Back of the concealing peninsula the bay of Monterey sweeps in a great crescent to Santa Cruz, thirty miles away, and to exploring navigators, shunning possible shoals, the coast presented a seemingly unbroken line. It came to be the scientific belief that some geologic upheaval had altered the contour of the coast. Mariners were mystified. Efforts to rediscover Monterey assumed the nature of crusades. No less a personage than Gaspar de Portala, with a retinue of sixty-five persons, set out overland from Loreto in 1769 to find the vanished harbor. Without identifying the haven he sought, he camped on its tree-rimmed beaches and erected a cross under the ancient oak in whose shade Vizcaino had partaken of the sacrament.
A year later came the seer and scholar Junípero. Long before, in his college in Majorca where he graced with distinction the chair of philosophy, he had read and treasured the description Vizcaino had given. Now he recognized the surviving oak and the neighboring springs, and, turning, he saw unrolled before him the bay which, in its vastness, had to other eyes seemed only a part of the open sea.

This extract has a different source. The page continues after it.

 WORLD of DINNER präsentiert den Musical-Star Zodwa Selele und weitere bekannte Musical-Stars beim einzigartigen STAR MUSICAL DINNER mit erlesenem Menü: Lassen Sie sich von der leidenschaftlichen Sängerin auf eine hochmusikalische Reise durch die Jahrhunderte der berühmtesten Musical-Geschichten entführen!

Inspecting Portala's wooden cross, Junípero saw that at the base were votive offerings of birds, shells, strings of fish newly caught, and in a beaver-skin quiver a cluster of arrows tipped with obsidian. Here were signs and portents which to Junípero were ever a source of inspiration. In after years he learned that the Eslenes, or Monterey Indians, had for ages handed down a tradition that some day a messiah would come to them; and that just before the advent of Junípero, the cross which Portala had reared seemed to rise in the sky at night until its splendor filled the heavens; and that then the tribes, believing their deliverer was at hand, came with gifts of food and trinkets to this unaccustomed altar and, in token of the peace they felt, tied a quiver of arrows to the cross.
In the fertile valley of Carmel just over the pine-clad cordillera that conceals the bay, on a slope above the thundering surf, Junípero dedicated the Mission that was to be named San Carlos in honor of the King. Hanging his bells on a cypress branch, he chimed the tidings of the gospel he was to preach.

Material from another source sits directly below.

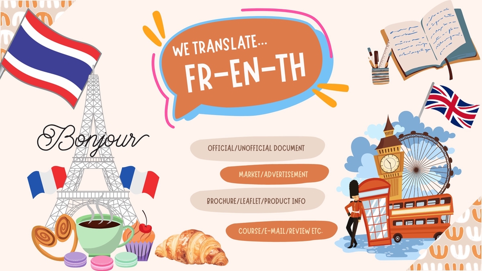 รับแปลภาษา FRENCH - ENGLISH - THAI 🚩🚩 เอกสารราชการที่ต้องได้รับการรับรองจากกงสุล ลูกค้าเลื่อนผ่านได้เลยค่ะ ✔️ สะดวกตอบแชทตั้งแต่ 06:00-22:00 เวลาประเทศไทยนะคะ ทักมาช่วงเวลานอน กรณีเวลาลูกค้ากับ Freelance ไม่ตรงกัน ขออนุญาตตอบช้า ไม่ว่ากันนะคะ 💤 (ᴗ˳ᴗ)ᶻ𝗓𐰁 💤 ✖️ รบกวนไม่กด "ทักแชทฟรีแลนซ์" เล่นนะคะ กดแล้วคุยกันได้ค่ะ 😅😅😅 ✔️ ราคาคุยกันตรงๆได้เลยนะคะ ได้ราคามาเท่าไหร่ อยากให้ลดลงเท่าไหร่ ตรงๆไม่อ้อมค้อมกันนะคะ จะได้ไม่ยืดเยื้อกันค่ะ 💲💲 ถ้าคิวงานว่าง ฟรีแลนซ์จัดให้ค่ะ 📌📌📌 🌿🌿🌺🌺🌾🌾🍃🍃 ขั้นตอนการทำงาน 1. ส่งไฟล์ที่ต้องการแปล พร้อมคุยรายละเอียดงาน ปริมาณงาน และกรอบเวลาการทำงาน 2. เริ่มทำงานหลังจากชำระเงินหรือสถานะบนหน้าแชทเปลี่ยนจาก "ชำระเงิน" เป็น " เริ่มทำงาน " 3. ส่งงานให้ตรวจสอบ สามารถแก้ไขงานได้ 1 ครั้ง (ถ้ามี) 4. เลือก Format งาน ส่งมอบงานให้ลูกค้า 5. ถูกใจงาน Review ให้กำลังใจกันนิดนึงนะคะ ^___^

"Why sound this call?" protested his companions; "there are no heathen here."
"Would that these bells might be heard around the world!" replied Junípero.
Few events in Spanish history since the expulsion of the Moors three centuries before had occasioned the joy that greeted the news of the rediscovery of Monterey. In the Mexican capital cathedral bells pealed throughout the night, rockets flared in the sky, and guns in the forts kept up a cannonade. Later, in Madrid the rejoicing was even more tumultuous. Royal salutes were added to the acclaim and the King declared a public holiday. A sandalled monk, seeking neither gain nor temporal glory, the leader of a handful of Franciscan pioneers, had restored a fabled harbor to the world.